Patty Chang, Milk Debt, 2020

In collaboration with 18th Street Arts Center, Marathon Screenings co-presented a screening and conversation on May 22, 2020 with Patty Chang and curator Anuradha Vikram, who initiated Chang’s presentation at 18th Street. 

Patty Chang, Fear List, 2020. 9 minutes. Video still. Courtesy of the artist.
 
Patty Chang: In the summer of 2018, I was overwhelmed by feelings of anxiety in relation to climate change and the current state of affairs in the United States.  I decided to make a list of everything I was afraid of at that moment.
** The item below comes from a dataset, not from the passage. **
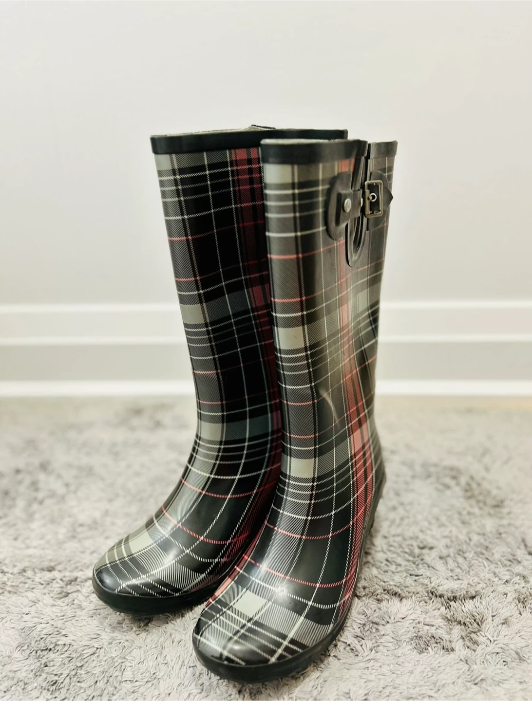 Keep your feet dry and stylish with these Totes rain boots! They feature a classic plaid pattern in black, grey, and pink. These boots are a women's size 7 and are in great condition, ready to take on rainy days. $40 OBO Pick up Thorold

It was a relief to know that some of my fears were irrational, but it was equally scary to know that consequential things were out of my control.

Since February 2019 I’ve been working on Milk Debt, a multi-part video project of women pumping breast milk while reciting lists of fears. The fears are collected from various communities in specific geographical regions.

The title Milk Debt refers to the idea in Chinese Buddhism that a child is forever indebted to its mother for the milk she gave. Breast milk is created when the body starts to produce the hormones prolactin and oxytocin. Oxytocin is also produced when one is in love.  Milk debt is an arrangement that binds us to our history and to the earth. It is an unpayable debt. 
The performance acts as a type of ritual in which the performer channels the fears of others into public speech, in turn, transforming them from the individual into the communal.


ABOUT PATTY CHANG

Patty Chang is an artist working in performance, video, writing, and installation. Her work has a capacity to explore complex subjects nearly simultaneously, as does life.

Born in 1972 in San Leandro, California, Chang received her BA from the University of California, San Diego, in 1994. Her work has been exhibited nationwide and internationally at such institutions as the Museum of Modern Art, New York; Guggenheim Museum, New York; New Museum, New York; ; BAK, Basis voor actuele Kunst, Utrecht; the Hammer Museum, Los Angeles; Fri Art Centre d’Art de Freibourg, Switzerland; Chinese Arts Centre, Manchester, England; the Museum of Contemporary Art, Chicago; the M+ Museum, Hong Kong; the San Francisco Museum of Modern Art; the Times Museum in Guangzhou, China; and the Moderna Museet, Stockholm. She has received a United States Artists Fellowship, Rockefeller Foundation Grant, a Creative Capital Award, a finalist for the Hugo Boss Prize, a Guna S. Mundheim Fellow in the Visual Arts at the American Academy in Berlin, a John Simon Guggenheim Memorial Foundation Fellow, an Anonymous Was a Woman Grant. She teaches at the University of Southern California. She lives and works in Los Angeles.